BACKGROUND: Optimal management of pain after thoracotomy can be challenging. Continuous infusion of local anesthetic into the incision may help reduce the amount of narcotics required to control postoperative pain. To address this issue, we performed a randomized, double-blinded, controlled trial of infusion of bupivacaine versus placebo through intercostal and subcutaneous catheters after thoracotomy.
METHODS: From April 2006 to June 2007, 124 patients had intercostal catheters placed at thoracotomy and connected to continuous infusion pain pumps. Each patient had catheters placed in the intercostal space near the head of the rib and subcutaneously beneath the incision; both were connected to an infusion pump through a Y connector. Patients were randomly assigned to receive placebo (normal saline solution) or 0.25% bupivacaine as a 4 cc per hour infusion for 100 hours after thoracotomy. All personnel caring for the patients were blinded to the content of the infusion. Demographic information, visual analog pain scores, and oral morphine equivalent usage was recorded for each patient. In addition to the infusion catheters, all patients had epidural analgesia that remained in place until postoperative day 3.

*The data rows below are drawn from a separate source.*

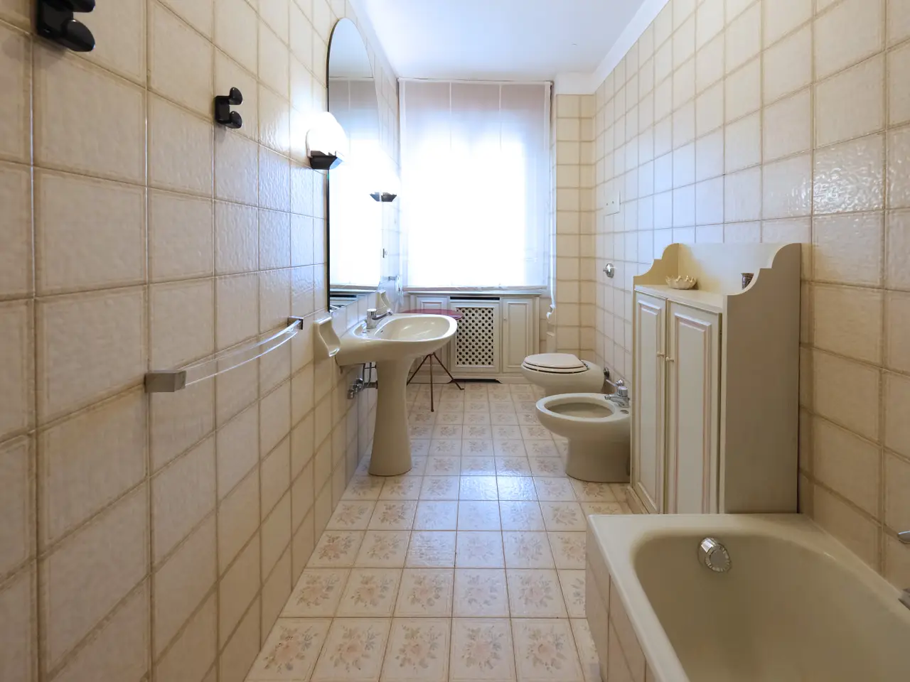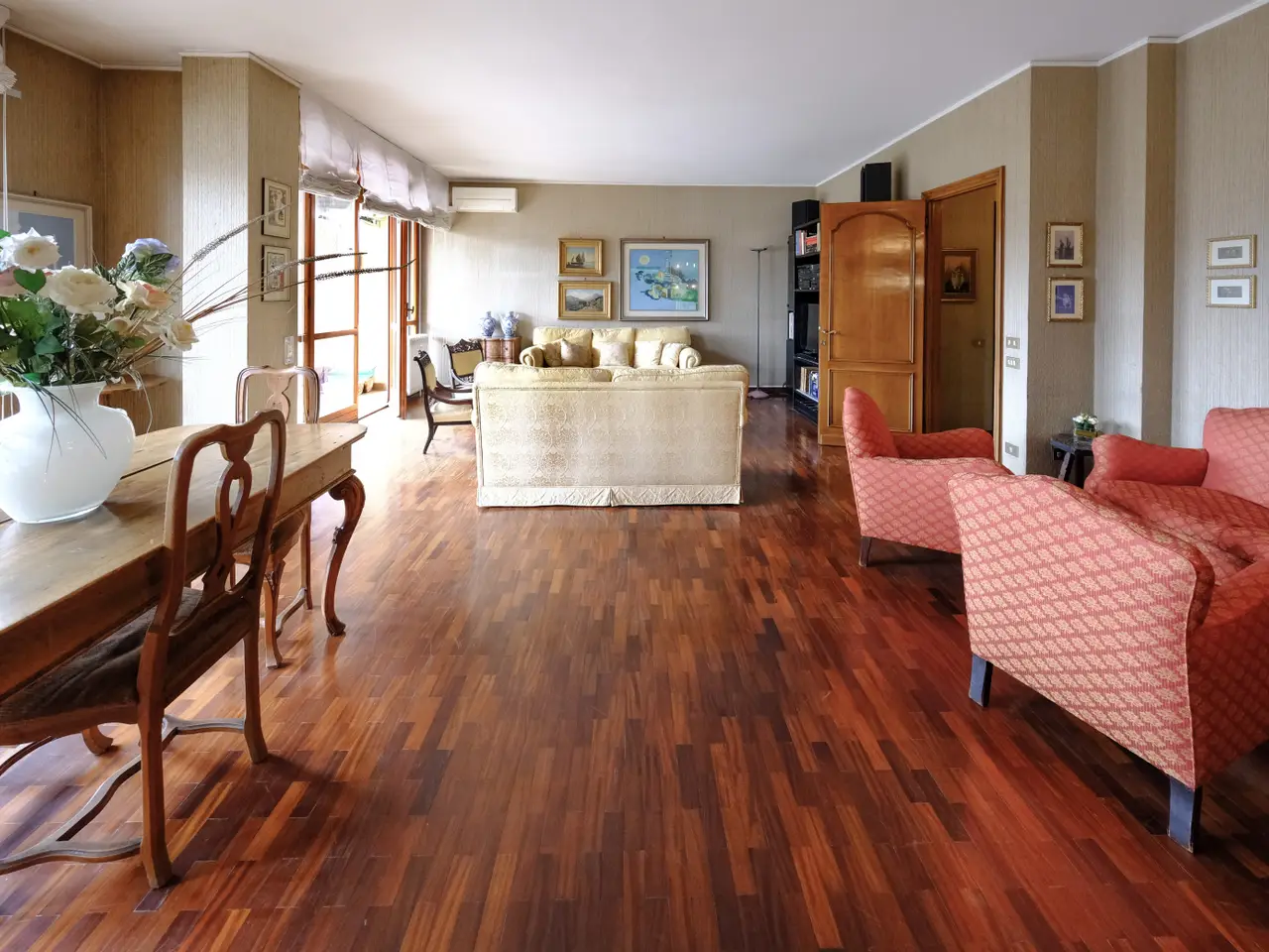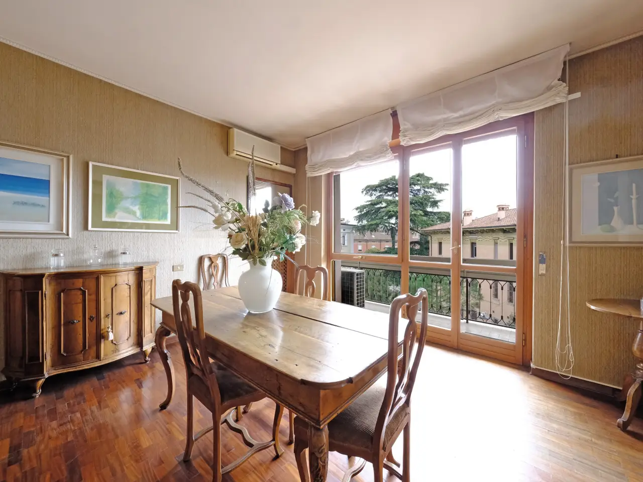 In an elegant and refined condominium context in the exclusive Borgo Trento district, a bright and fantastic apartment of generous dimensions is offered for sale with its terraces and balconies. The property is located in a strategic area being close to the city center and is convenient to all services. The apartment is located in a very suggestive condominium being surrounded by greenery with also a nice private internal parking and is composed of: an entrance hall, a large and bright living room with large terrace, large dining area connected to a large eat-in kitchen with attached laundry / bathroom, a long corridor that houses the wardrobes and a closet, 3 large bedrooms and two bathrooms with windows. The presence of large windows along the perimeter of the house makes it very bright at all hours of the day. A large cellar and a double garage complete the property. The finishes, even if original from the time, are very elegant, alternating parquet floors with marble floors, some shutters are electric, presence of air conditioning and central heating.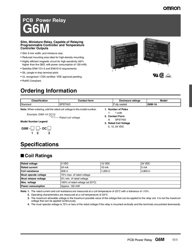 G6M1A-5 Przekaźnik OMRON PCB, SPST-NO, prąd znamion 3A, seria G6M obudowa 20,3x5,08...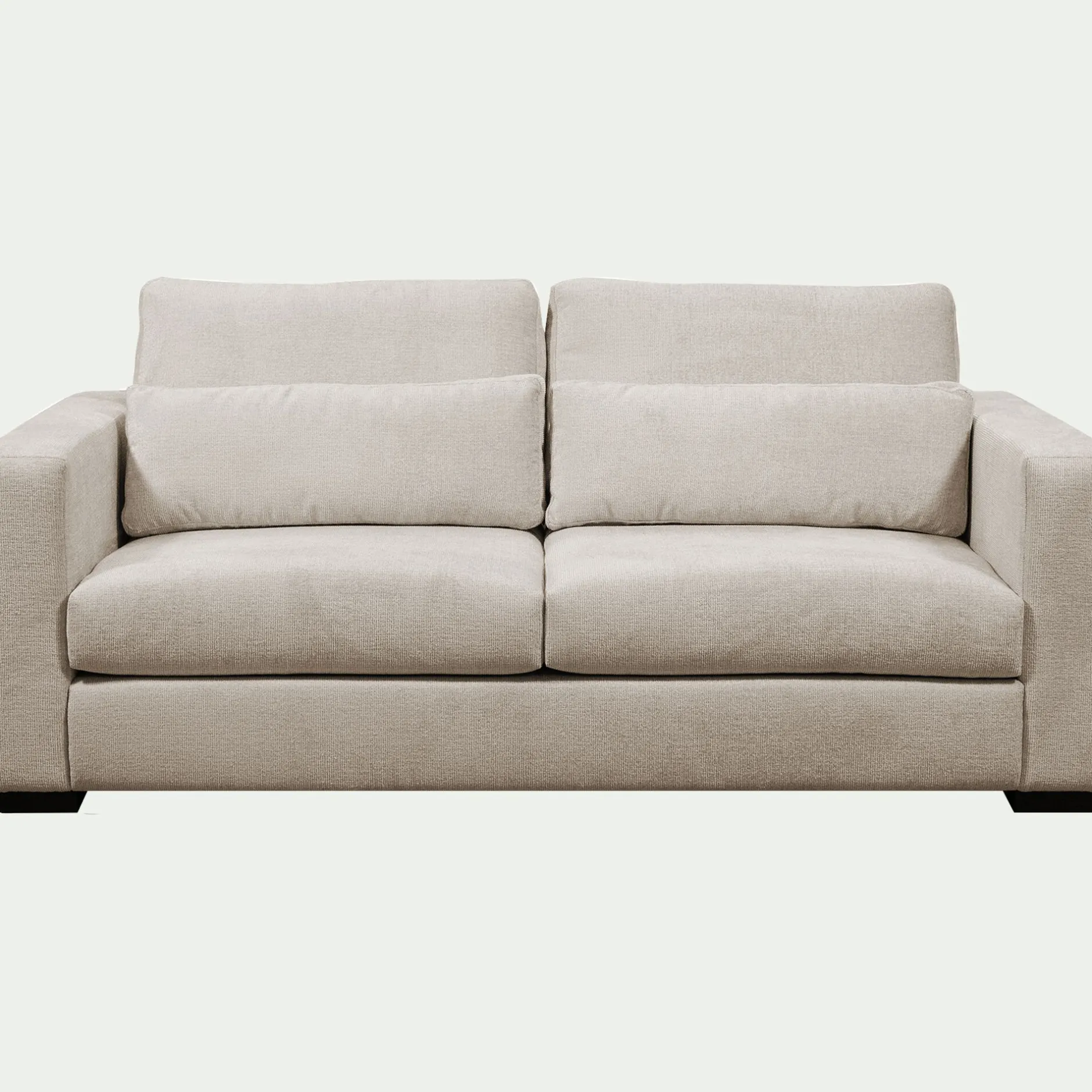 Avec son revêtement en tissu tramé, un tissage soyeux et résistant, ce canapé fixe 3 places allie élégance et résistance. Son coloris beige, à la fois lumineux et polyvalent, apporte une touche naturelle au séjour. Confortable, il offre une assise profonde et généreuse qui invite à la détente. Son dossier moelleux complète ce cocon de bien-être, idéal pour des instants de convivialité ou de repos. Conçu pour durer, ce canapé droit repose sur une structure en pin massif et des pieds en bois massif, gages de solidité et de stabilité. Pratique au quotidien, son assise et son dossier sont entièrement déhoussables, pour un entretien facilité. Une pièce chaleureuse et fonctionnelle, fabriquée en Ukraine, qui s’intègre avec harmonie dans tous les intérieurs.

RESULTS: There were 60 patients in the bupivacaine arm and 64 in the placebo group. Overall mean age was 64.7 years and 65 (52.4%) were men. Mean body mass index was 28.8 kg/m(2). There were no statistical differences in any demographic parameter except that there were more men in the placebo group. Pulmonary resection was performed in 100 patients, an antireflux procedure in 16, and other miscellaneous procedures in 8. There was no statistical difference in the morphine equivalent usage between the two groups. There was also no difference between the average daily pain scores between the two groups. Length of stay was not significantly different between groups: mean (SD) of 6.2 (3.4) and 6.7 (5.0) for placebo and bupivacaine, respectively (p = 0.51). There was no operative mortality, and complications occurred in 28% of patients (placebo group, 25%; bupivacaine group, 32%; p = 0.41).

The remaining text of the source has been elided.